Both the line containing "mers cu bicicleta" and the line containing "కోర్టులోని ప్రాథమిక సహకార సంఘం భవనం" belong to the span. Output exactly that span from the listing below, and nothing outside it.

Material for this task →
┌──

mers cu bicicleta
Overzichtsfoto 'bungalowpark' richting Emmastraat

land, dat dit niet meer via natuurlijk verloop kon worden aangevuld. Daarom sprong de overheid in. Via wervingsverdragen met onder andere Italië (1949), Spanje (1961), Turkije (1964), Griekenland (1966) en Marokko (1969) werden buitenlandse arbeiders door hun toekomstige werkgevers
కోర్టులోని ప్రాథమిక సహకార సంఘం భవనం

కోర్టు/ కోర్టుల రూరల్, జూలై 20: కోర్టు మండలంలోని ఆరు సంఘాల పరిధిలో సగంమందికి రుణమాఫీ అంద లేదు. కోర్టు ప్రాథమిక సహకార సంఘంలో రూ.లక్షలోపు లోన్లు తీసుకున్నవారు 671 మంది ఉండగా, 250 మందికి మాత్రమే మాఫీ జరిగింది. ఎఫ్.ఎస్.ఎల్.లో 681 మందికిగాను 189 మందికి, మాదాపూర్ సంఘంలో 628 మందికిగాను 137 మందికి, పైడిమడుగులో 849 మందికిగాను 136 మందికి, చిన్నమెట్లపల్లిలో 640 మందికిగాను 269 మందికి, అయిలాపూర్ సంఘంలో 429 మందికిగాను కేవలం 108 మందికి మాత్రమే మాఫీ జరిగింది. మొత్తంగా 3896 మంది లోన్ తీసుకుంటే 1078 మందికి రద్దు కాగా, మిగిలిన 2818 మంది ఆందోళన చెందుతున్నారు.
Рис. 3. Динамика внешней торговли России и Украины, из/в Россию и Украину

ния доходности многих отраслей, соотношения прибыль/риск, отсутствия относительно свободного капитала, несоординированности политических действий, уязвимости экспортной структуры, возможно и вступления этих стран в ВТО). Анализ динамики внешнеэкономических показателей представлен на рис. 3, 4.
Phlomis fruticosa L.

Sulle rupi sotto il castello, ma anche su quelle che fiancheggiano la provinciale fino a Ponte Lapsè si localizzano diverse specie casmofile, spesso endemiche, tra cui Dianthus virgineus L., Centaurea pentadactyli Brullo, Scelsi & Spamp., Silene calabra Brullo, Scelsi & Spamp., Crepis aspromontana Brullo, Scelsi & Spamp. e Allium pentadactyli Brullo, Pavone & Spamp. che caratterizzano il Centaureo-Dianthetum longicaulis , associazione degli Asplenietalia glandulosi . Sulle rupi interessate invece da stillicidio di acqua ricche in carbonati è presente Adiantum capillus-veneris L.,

└──
┌──

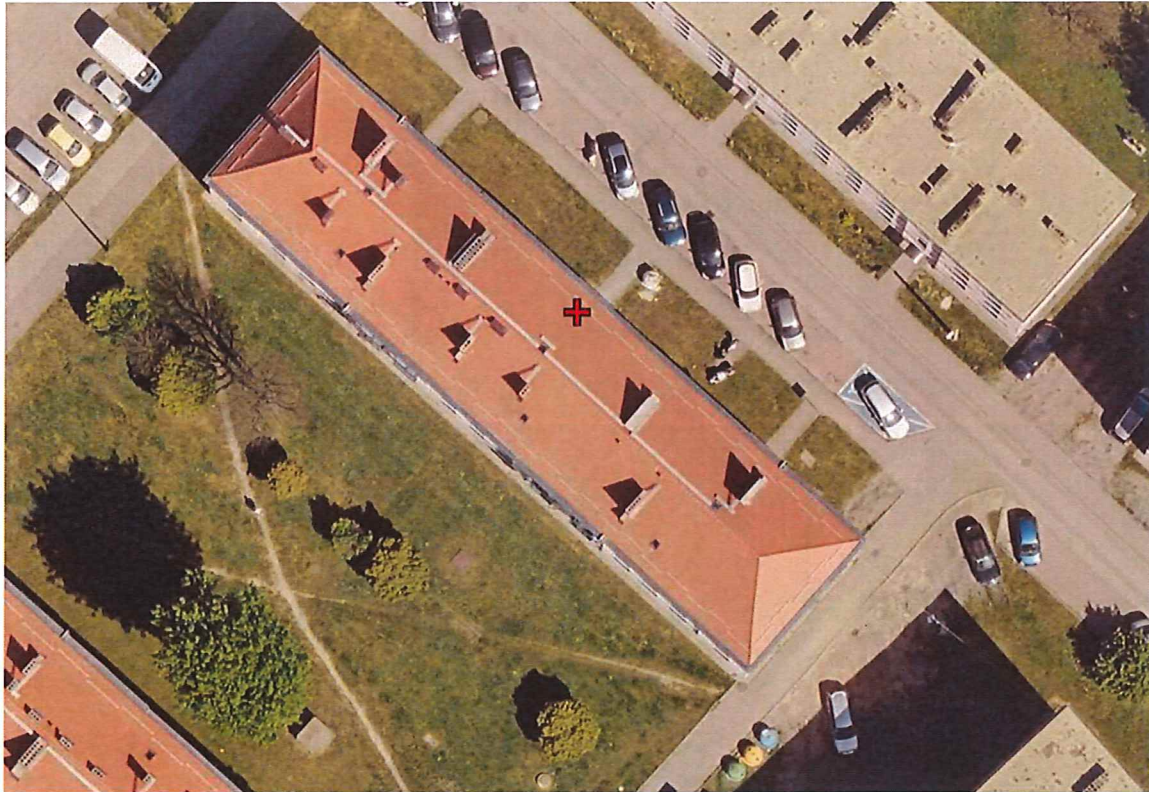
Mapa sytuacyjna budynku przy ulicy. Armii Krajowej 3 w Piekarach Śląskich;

└──

Solution for this task →
mers cu bicicleta
Overzichtsfoto 'bungalowpark' richting Emmastraat

land, dat dit niet meer via natuurlijk verloop kon worden aangevuld. Daarom sprong de overheid in. Via wervingsverdragen met onder andere Italië (1949), Spanje (1961), Turkije (1964), Griekenland (1966) en Marokko (1969) werden buitenlandse arbeiders door hun toekomstige werkgevers
కోర్టులోని ప్రాథమిక సహకార సంఘం భవనం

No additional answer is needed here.